While the Chinese government expects total loans made to MSMEs to increase by RMB 300 billion on account of the raised lending requirements, this may not materialise due to lack of clarity in the NPC report. Although it instructs banks to lend to “small companies,” it is uncertain whether this term is defined the same as MSMEs or whether it refers to a subset of these. These will exacerbate existing confusions – only 63.1 per cent of the total SMEs in China applied for loans from the institutions as of 2018. Moreover, the creation of too many administrative stages in lending procedures for Township and Village Enterprises (TVEs) has made the entire affair more time-consuming.
Nor has the recently expressed reform commitment adequately addressed shortcomings in the Credit Guarantee System (CGS) – an institutionalised service offered by specialised agencies that help SMEs obtain loans from non-banking financial institutions. The CGS is intended to solve the problem of high financing cost for SMEs, reducing the bank’s management and operational risks, while developing the credit rating agency market in the country. It suffers from notable shortfalls that are in need of resolution. Firstly, the seven thousand credit guarantee subsidiaries that currently exist are still not catering to the problem of asymmetric information between the banks and enterprises. Enterprises are not adequately aware of collateral management, ways of repaying previous loans and other finance related technical details (like credit score) that the banks can mentor to the SMEs.
Secondly, there are no specific changes in the collateral requirements by the government, which is of significant concern for the banks.
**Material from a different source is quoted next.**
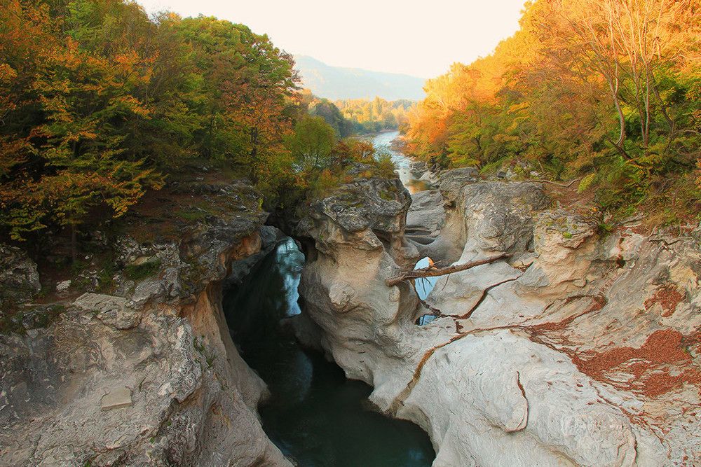 После завтрака отправляемся к первой достопримечательности - Хаджохской теснине. Место совершенно невероятное и очень живописное. Потоки реки Белая прорезали извилистый узкий коридор в толще известнякового пласта, образовав скальные останцы причудливых форм. Центральная часть теснины оборудована площадками и переходами. На прилегающей территории расположены вольеры с дикими животными.

Even though the CGS Policy is well defined in official papers, it is not very efficient at the grass root level as the bank managers are still reluctant to invest in SMEs. This is also owing to the rising non-performing loan ratio – banks are, thus, resorting to fulfilling their annual loan targets by lending largely to small State-owned enterprises (SOEs) on the grounds that the state guarantees repayment. For example, the famous InnoFund government program that supports R&D activities does not fund the MSMEs at opening stages as the preference is for state-backed companies.